On Saturday I sat in my apartment in Dallas watching the U.S. Open tennis matches in New York when my brother called and invited me to lunch. I had to miss Djokovic’s match, but I never miss an opportunity to see Don and Mary. 

I do not see them often.  They are both busy people.  Some people refuse to retire, saying “I don’t want to sit around all day doing nothing.”  I say, “After I retired, I was involved in so many things that I wondered how I ever had time to work.” 

Don and Mary are like that, too.  Or perhaps Mary wants to avoid the lively “discussions” that Don and I have.  She does not realize that Don and I can disagree without really getting angry with each other.  

Don is a retired engineer.  When he worked for Turner Construction, he supervised the construction of big buildings all over the World.  From their offices in New York, he traveled to places like Berlin and Sao Paulo and Tokyo to supervise all the mechanical (heat and air conditioning, plumbing, and electrical) in sky scrapers.  Recently he was hospitalized in a brand new hospital just a couple of miles from their Garland home.  A group of “experts” from came into his room and asked his opinion of their facility.  They expected praise for their radical new design.  Instead, Don said, “I’ve built over 100 hospitals, and you made a lot of mistakes here, starting with these high windows above my bed.  When the sun comes up, light bounces off the wall opposite and right into my eyes.  You need blinds on those windows.”

At our lunch typical Texan Don ordered chicken friend steak with mashed potatoes and cream gravy.  I had chicken breast with spaghetti marinara.  We had a very pleasant meal, carefully avoiding any mention of politics and religion. 

Mary is a fundamentalist Christian who believes that every word of the King James Bible was dictated by God (in English, of course).  Evolution is some crazy theory that Darwin thought up with no scientific basis, and the World was created by God in six days in 6,000 B.C.  

Don is one of those gun-toting Texans who believes every word put out by Fox and the Koch brothers’ propaganda machine.  He knows nothing about economics and history.  He quotes the second amendment without knowing what it meant to the men who wrote the Constitution.    

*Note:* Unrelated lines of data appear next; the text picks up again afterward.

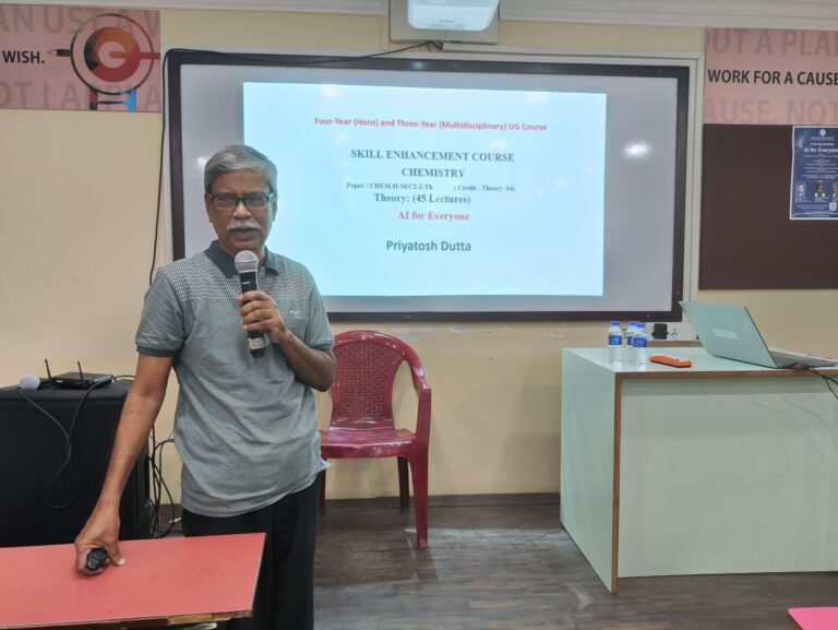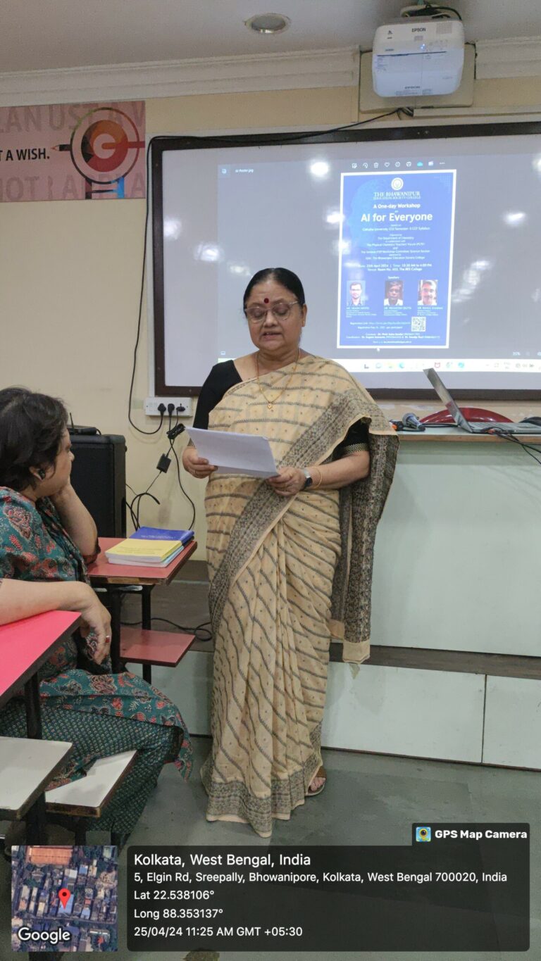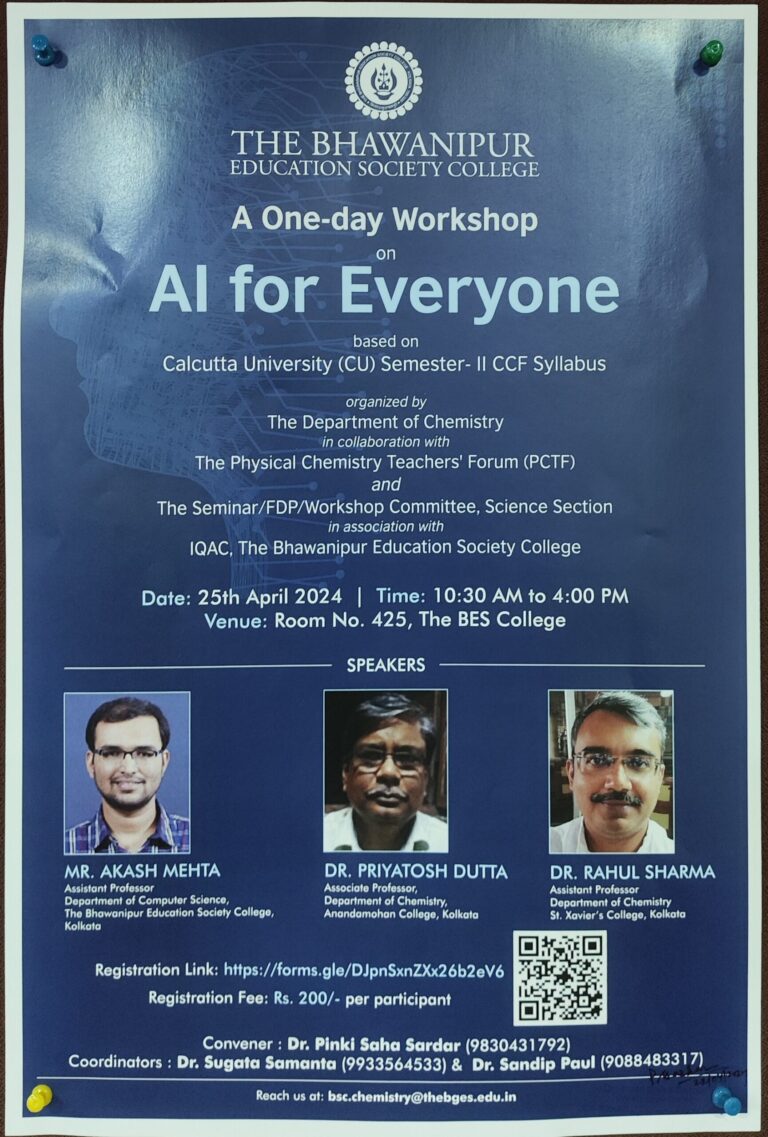 8. Brief description of the event: The inauguration of this workshop commenced with a welcome address by Dr. Sugata Samanta, Coordinator, The Bhawanipur Education Society College. He addressed all the dignitaries, speakers, participants, and everyone associated with this workshop on ‘AI for Everyone’. Dr. Samir Kanti Dutta, Dean of Science, The BES college highlighted the significance of Artificial intelligence in Calcutta University (CU) Semester- II CCF syllabus of Chemistry and its relevance in the era of high-performance of computing. Dr. Pinki Saha Sardar, Vice Principal, Science, Convener, The BES college delivered a speech on the importance of the Artificial intelligence in the developing country like India as well as in the World. The ceremony was graced by Dr. Sharmila Bhattacharya, Associate Professor, Department of Chemistry, Vidyasagar College, Working Member, PCTF, who delivered a speech on the development and various activities of PCTF along with the importance of AI in the under graduate curriculum.
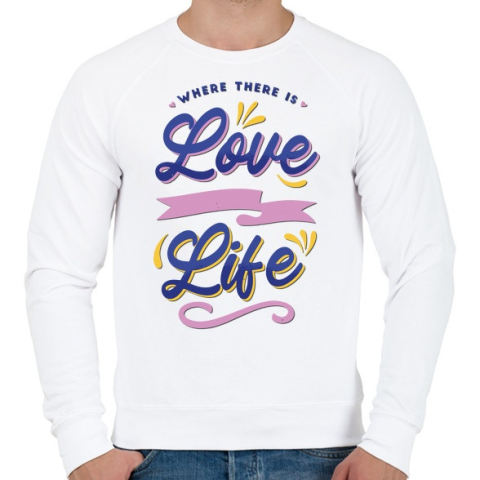 1 kép PRINTFASHION Ahol szerelem van , élet van - Where is love... - Férfi pulóver - Fehér
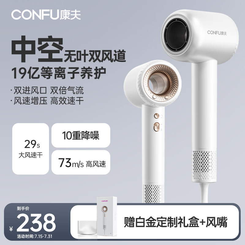 康夫(CONFU)高速电吹风机中空无叶七夕情人节生日送礼物送女友大功率大风力等离子护发吹风筒KF-F9白价格:379.00元!
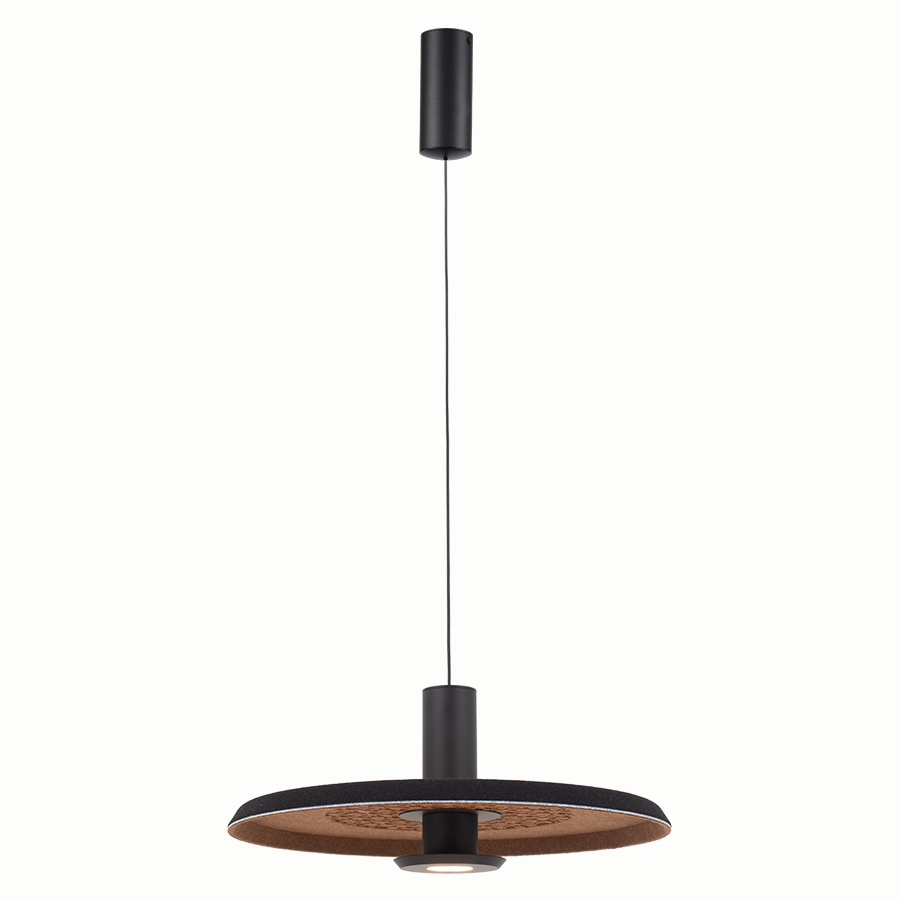 Κρεμαστό 1φωτο φωτιστικό με ηχοαπορροφητικό υλικό (PET Felt) που μειώνει τον θόρυβο στο χώρο σε διχρωμία καφέ και μαύρου χρώματος. Ύψος: 195 εκ.Διάμετρος: 35 εκ.Τύπος Λαμπτήρα: LedWatt: 5WLumen: 630 lmΘερμοκρασία Χρώματος: 3000K, CRI>90Dimmable: Όχι

Looking for a safe topic to talk about, I mentioned that I had been watching the U.S. Open on television.  That’s when Don surprised me.

 “I built that new stadium,” he said.  “They wanted to fill the seats in both the new stadium and the old stadium.  At the same time that we built the new stadium, where the most important matches are held, we took off the top of the old stadium, just like slicing an orange in half, taking off several rows of seats at the same time, so television viewers would see the old stadium filled with people for the secondary matches.”

My brother.  He may be ignorant when it comes to politics, but he is an amazing engineer.  Here I had been watching Federer and Serema Williams fighting for the men’s and women’s championships, completely ignorant of the fact that my brother built the stadium where they were hitting balls over the net.